- Born: May 27, 1930 Lethbridge, Alberta, Canada
- Died: December 25, 2016 (aged 86) Nelson, British Columbia, Canada
- Height: 5 ft 8 in (173 cm)
- Weight: 158 lb (72 kg; 11 st 4 lb)
- Position: Defenseman
- Played for: Lethbridge Maple Leafs Nelson Maple Leafs
- National team: Canada
- Playing career: 1948–1965
- Medal record
Men's ice hockey
| Gold medal – first place | 1951 Paris | Ice hockey |

= Jim Malacko =

Canadian ice hockey player

James I. Malacko (May 27, 1930 – December 25, 2016) was a Canadian ice hockey player with the Lethbridge Maple Leafs.

Known as "Shorty", he was on the team which won a gold medal at the 1951 World Ice Hockey Championships in Paris, France.

The defenceman from Lethbridge started playing with the Lethbridge Maple Leafs in 1950 in a season which culminated with his team representing Canada and winning the gold medal at the World Amateur Hockey Championships in Paris, France in 1951, and where years later this team was inducted into the Alberta Sports Hall of Fame in 1974.

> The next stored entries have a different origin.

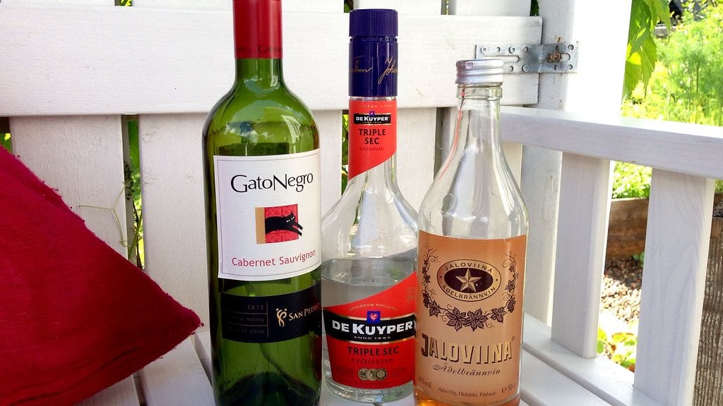 KERRO OMA SANGRIA-RESEPTISI! Sangriaa voi tehdä hyvin monimuotoisesti, joten kerro ihmeessä omat vinkkisi kommenteissa. Saat toki myös arvostella omia valintojani. Ne valikoituivat puhtaasti viinakaapin sisällön pohjalta (huomaa Jallu-pullon väärä korkki). Mutta kuten totesin, oikein onnistunut liemi siitä syntyi.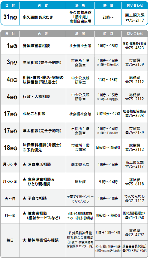 くらし 催しand相談スケジュール 12月 27/32 前の記事 次の記事 発行日 : 2025年12月01日 自治体名 : 佐賀県多久市 広報紙名 : 市報たく 令和7年12月号 ■催しand相談 市外局番(0952) ※祝日は休みです ※★印は電話での相談も受け付けます Tweet シェアする 多久に密着!暮らしに役立つ情報をお届け。多久ケーブルメディア番組ガイド 12月 人のうごき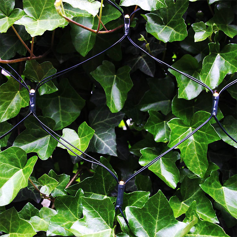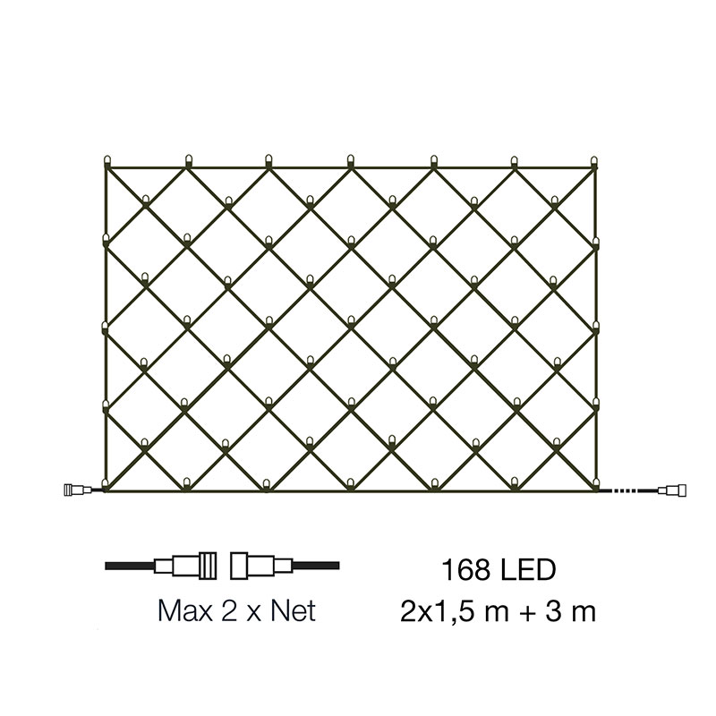 Net är ett dekorativt ljusnät (2x1.5m) med 168 varmvita LED ljuspunkter. 3 meter startkabel ingår. Du köper transformatorn separat.

The team was dominant throughout, winning all six of its games, outscoring its opponents by a 62-6 margin to win the gold medal.

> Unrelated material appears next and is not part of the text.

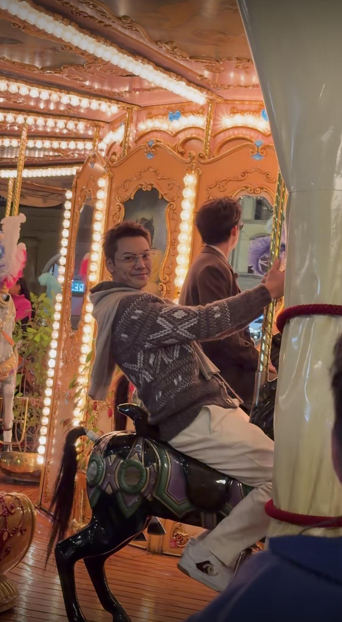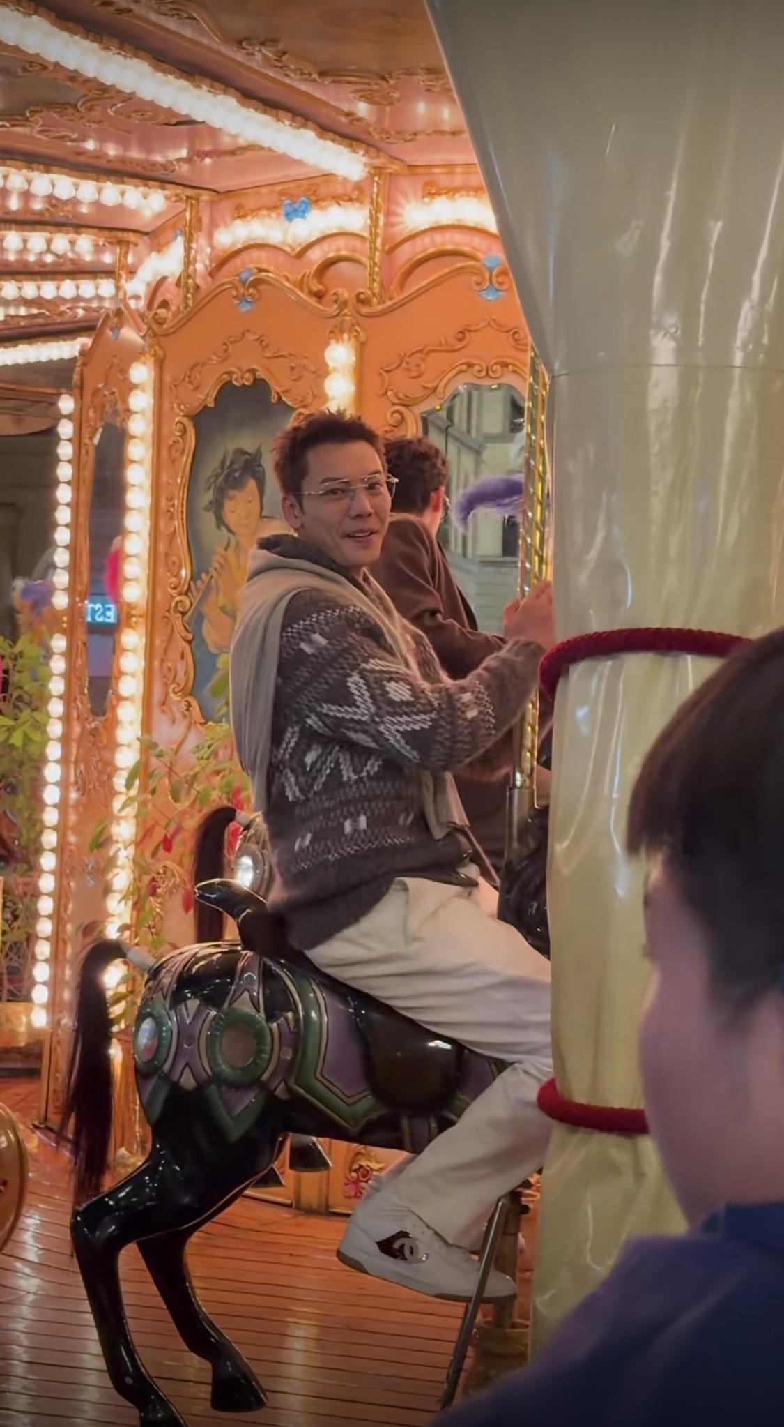 坐旋转木马把好命哥开心的,和身边的王安宇热聊,还和粉丝打招呼。 陈伟霆官宣之后,心情一直很不错。没有以前的高冷了。很容易融入新的环境。综艺中也幽默了很多。 现在的穿搭也是走老钱风格。越来越帅了。 陈伟霆

The Maple Leafs went on that same year to win gold at the Sir Winston Churchill Cup Competition, in London, England.

During their European tour, the team played 62 games, winning 51.

Malacko stayed in Europe after that big win, playing with the Harringay Racers in England and moving to Germany a year later to help that nation with its Olympic program for the 1952 Winter Games in Oslo.

A year later, Malacko returned to Canada, married, and settled in Nelson, where he went on to play senior hockey for 12 years with the Nelson Maple Leafs, including 1964-1965 season when their team made it to the Allan Cup finals before losing to the champion Sherbrooke Beavers.

After retiring as a player, he became the general manager and coach for the team and still later he was very influential in minor hockey in Nelson.

Malacko died on Christmas Day 2016 in Nelson, British Columbia, aged 86.